Because you specified that the doors close simultaneously in the frame of the pole. In general, if two clocks are a distance L apart in their rest frame, and in your frame they are moving at some speed v in a direction parallel to the axis between them, and the clocks are synchronized in their own rest frame, then in your frame they will always be out-of-sync by vL/c^2, with the leading clock showing a time that's behind the trailing clock. So if we have clocks at rest in the barn's frame and placed at the front and back of the barn, and they are synchronized in the barn's frame, then in the pole's frame the clock at the front of the barn is leading and the clock at the back is trailing, so in the pole's frame the clock at the back must be ahead of the clock at the front by vL/c^2, where L is the length of the barn in its own rest frame. So if the front door closes when the clock there reads some time t, and the back door closes simultaneously in the pole's frame, that means the clock at the back must read t + vL/c^2 when it closes. And since these two clocks are synchronized in the barn's own rest frame, that means the back door must close later than the front door in this frame (exactly vL/c^2 later).
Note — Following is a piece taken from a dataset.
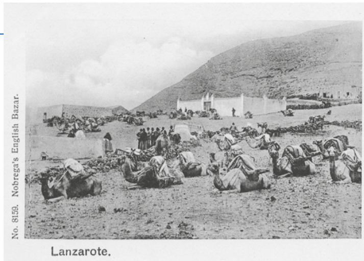
Postal de un grupo de camellos frente al cementerio de Femés a finales del siglo XIX.

The site does not specify exactly how the doors are closed, but I believe they are discussing the situation where the doors are closed simultaneously in the barn's frame, in which case the pole will briefly fit entirely inside in this frame (while in the other frame the front end of the pole will hit the back end of the barn, and the pole will begin to compress on that end, before the back end of the pole passes through the front end of the barn, after which the front door shuts). You were discussing a different situation where the doors close simultaneously in the pole's frame--in this case it is obvious that the doors must shut on some section of the pole, just by looking at things in the pole's frame where the pole is longer than the barn. I did write a quick proof that what I said earlier was correct, the only math needed is the formula for how out-of-sync moving clocks are which I wrote above, as well as the formula for length contraction which says a rod of rest length L will be shrunk to length L*squareroot(1 - v^2/c^2) in a frame where it's moving at speed v...so, if you change your mind about not wanting to see the math let me know.